Protester's sign says "Get American garbage off TV!" (Moscow, Russia)

Protester’s sign says “Get American garbage off TV!” (Moscow, Russia)

 Moscow/Seattle 1992 — WHEN I FLEW BACK HOME from Moscow recently, I was surprised that my friends were so amazed when I told them what’s really going on in Russia.

In Moscow, it’s not peace and friendship. There’s no euphoria over what supposedly passes for a market economy. It seems 2,000-percent yearly inflation has eaten up not only paychecks and pensions but hope and optimism as well.

What’s left is crime, high crime. What’s pervasive is corruption, more than ever. What’s frightening is gang warfare – competing mafias battling it out – and in some cases foreigners are their targets. We have the highly valued hard currency and hard goods, right? Not that long ago foreigners in Moscow were immune from financial extortions and physical attacks. Invisible bubbles of Western awe surrounded us as we went about our business in relative safety.

Pro-communist protesters, in defense of Lenin. (Moscow, Russia)

Pro-communist protesters, in defense of Lenin. (Moscow, Russia)

SCARIEST OF ALL are the ominous grumblings over what has happened to the country, and a longing for the old days and old leaders – namely, Communism and Stalin. The speed at which all this has happened caught a lot of us by surprise, we the adventurous Westerners who chose to live and work in Moscow. Yes, it’s a tough place, but that’s the challenge of speaking a language and living in a culture so different from my own. But this time was different.

The crime wave hit last spring. Among my small circle of Western friends and acquaintances, six found their apartments stripped bare – down to the underwear – even though most were in supposedly secure buildings. It’s disturbing enough to read about Russians getting assaulted, raped or murdered, but now Westerners are fair game, too. Don’t go out alone, my Russian friends warned, insisting I stay overnight with them if it was past 7 p.m., although it was light close to midnight. They were afraid to escort me home. I wore simple clothes – T-shirt, skirt and tennies – so thieves wouldn’t be tempted. I barely touched my 70 pounds of silk business dresses, jackets and jewelry that I used to wear when I worked in the former Soviet Union.
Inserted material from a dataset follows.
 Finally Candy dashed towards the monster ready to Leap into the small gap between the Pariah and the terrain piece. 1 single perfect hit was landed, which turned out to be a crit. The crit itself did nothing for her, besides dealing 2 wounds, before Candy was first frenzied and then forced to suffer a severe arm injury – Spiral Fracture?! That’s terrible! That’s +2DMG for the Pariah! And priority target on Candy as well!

Don’t speak English because you might be attacked, more friends advised. Despite the precautions and speaking Russian almost exclusively, I had two frightening encounters – the first time in 12 years of travel to that country. All this may seem routine advice for big-city living in the West. But such warnings were unheard of and unnecessary in Russia just a short time ago.
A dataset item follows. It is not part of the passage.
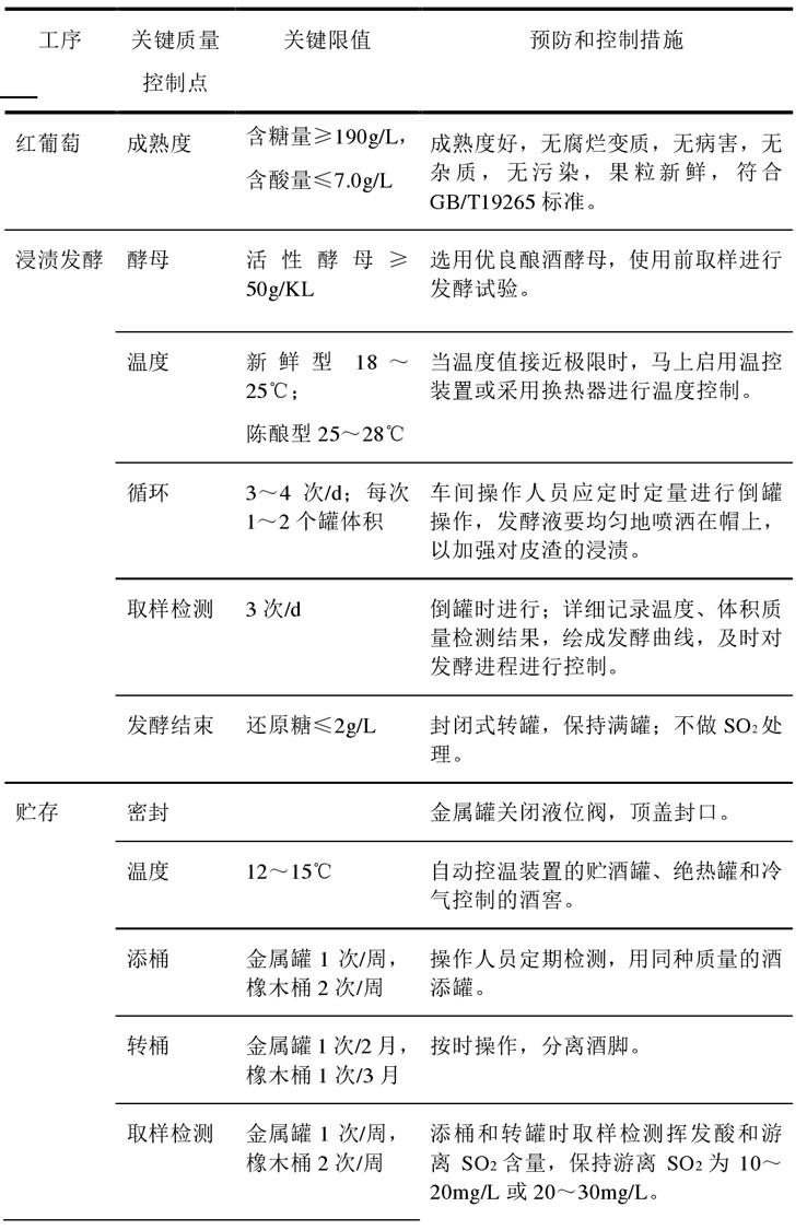 干红葡萄酒酿造中关键质量控制点及主要技术参数

Moscow tap water, before and after I filtered it. (Moscow, Russia 1992)

Moscow tap water, before and after I filtered it. (Moscow, Russia 1992)

CAREFUL WHAT YOU EAT, my Russian friends warned, afraid I’d get sick or get botulism if I bought food from “private” mafia-controlled kiosks, rancid meat at the market, or homemade brew sold on the streets. (I once bought some food that was five years out of date.) Some of our humanitarian food aid ends up on the streets, sold by thieves-turned-entrepreneurs for a guaranteed profit. Even the frozen chicken drumsticks – donated food – are referred to in Russian as “Bush legs,” after the U.S. president.